Yilmaz Zeynep, Kaplan Allan S, Tiwari Arun K, Levitan Robert D, Piran Sara, Bergen Andrew W, Kaye Walter H, Hakonarson Hakon, Wang Kai, Berrettini Wade H, Brandt Harry A, Bulik Cynthia M, Crawford Steven, Crow Scott, Fichter Manfred M, Halmi Katherine A, Johnson Craig L, Keel Pamela K, Klump Kelly L, Magistretti Pierre, Mitchell James E, Strober Michael, Thornton Laura M, Treasure Janet, Woodside D Blake, Knight Joanne, Kennedy James L
Department of Psychiatry, University of North Carolina at Chapel Hill, Chapel Hill, NC, USA; Clinical Research Department, Centre for Addiction and Mental Health, Toronto, Canada.
Clinical Research Department, Centre for Addiction and Mental Health, Toronto, Canada; Institute of Medical Science, University of Toronto, Toronto, Canada; Department of Psychiatry, University of Toronto, Toronto, Canada.
J Psychiatr Res. 2014 Aug;55:77-86. doi: 10.1016/j.jpsychires.2014.04.005. Epub 2014 Apr 16.
Although low weight is a key factor contributing to the high mortality in anorexia nervosa (AN), it is unclear how AN patients sustain low weight compared with bulimia nervosa (BN) patients with similar psychopathology. Studies of genes involved in appetite and weight regulation in eating disorders have yielded variable findings, in part due to small sample size and clinical heterogeneity. This study: (1) assessed the role of leptin, melanocortin, and neurotrophin genetic variants in conferring risk for AN and BN; and (2) explored the involvement of these genes in body mass index (BMI) variations within AN and BN.
Our sample consisted of 745 individuals with AN without a history of BN, 245 individuals with BN without a history of AN, and 321 controls. We genotyped 20 markers with known or putative function among genes selected from leptin, melanocortin, and neurotrophin systems.
There were no significant differences in allele frequencies among individuals with AN, BN, and controls.
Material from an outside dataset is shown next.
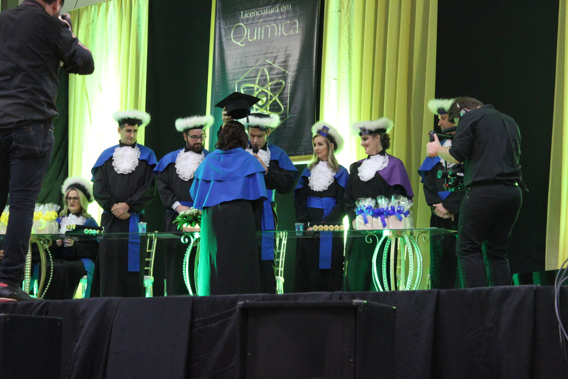 Na noite de sexta-feira, 10/03, a comunidade acadêmica do Instituto Federal Farroupilha – Campus Panambi esteve em festa. Realizou-se, na Associação dos Funcionários da Cotripal (Afucopal), a solenidade de outorga de grau a oito alunos do curso de Licenciatura em Química e oito alunos do curso de Tecnologia em Sistemas para Internet. Nos discursos de paraninfos e autoridades do IFFar foram destacados o compromisso da instituição com a formação de profissionais qualificados a desenvolver suas profissões tanto na parte técnica, quanto no aspecto humano. A formatura sinalizou o começo de uma jornada de desafios e novas expectativas para mais um grupo de profissionais que levarão o nome da instituição para os diferentes locais e contextos nos quais atuarão.
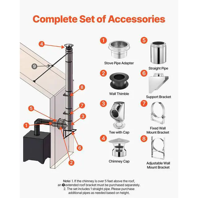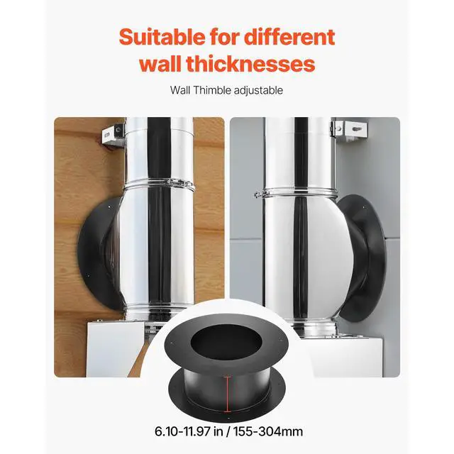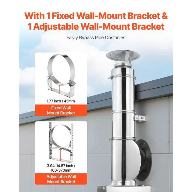 External Chimney Kit 6 Inch with Rain Cap Adjustable Bracket Roof Mount

AGRP rs13338499 polymorphism was associated with lowest illness-related BMI in those with AN (p = 0.0013), and NTRK2 rs1042571 was associated with highest BMI in those with BN (p = 0.0018).
To our knowledge, this is the first study to address the issue of clinical heterogeneity in eating disorder genetic research and to explore the role of known or putatively functional markers in genes regulating appetite and weight in individuals with AN and BN. If replicated, our results may serve as an important first step toward gaining a better understanding of weight regulation in eating disorders.
尽管体重过低是神经性厌食症(AN)高死亡率的关键因素,但与具有相似精神病理学特征的神经性贪食症(BN)患者相比,AN患者如何维持低体重尚不清楚。对饮食失调中涉及食欲和体重调节的基因研究结果不一,部分原因是样本量小和临床异质性。本研究:(1)评估瘦素、黑皮质素和神经营养因子基因变异在AN和BN发病风险中的作用;(2)探讨这些基因在AN和BN患者体重指数(BMI)变化中的作用。
我们的样本包括745例无BN病史的AN患者、245例无AN病史的BN患者和321名对照。我们对从瘦素、黑皮质素和神经营养因子系统中选择的基因中的20个具有已知或推定功能的标记进行了基因分型。
AN患者、BN患者和对照之间的等位基因频率没有显著差异。AGRP rs13338499多态性与AN患者中最低的疾病相关BMI相关(p = 0.0013),NTRK2 rs1042571与BN患者中最高的BMI相关(p = 0.0018)。
据我们所知,这是第一项解决饮食失调基因研究中临床异质性问题,并探讨已知或推定功能标记在调节AN和BN患者食欲和体重的基因中的作用的研究。如果得到重复验证,我们的结果可能是朝着更好地理解饮食失调中的体重调节迈出的重要第一步。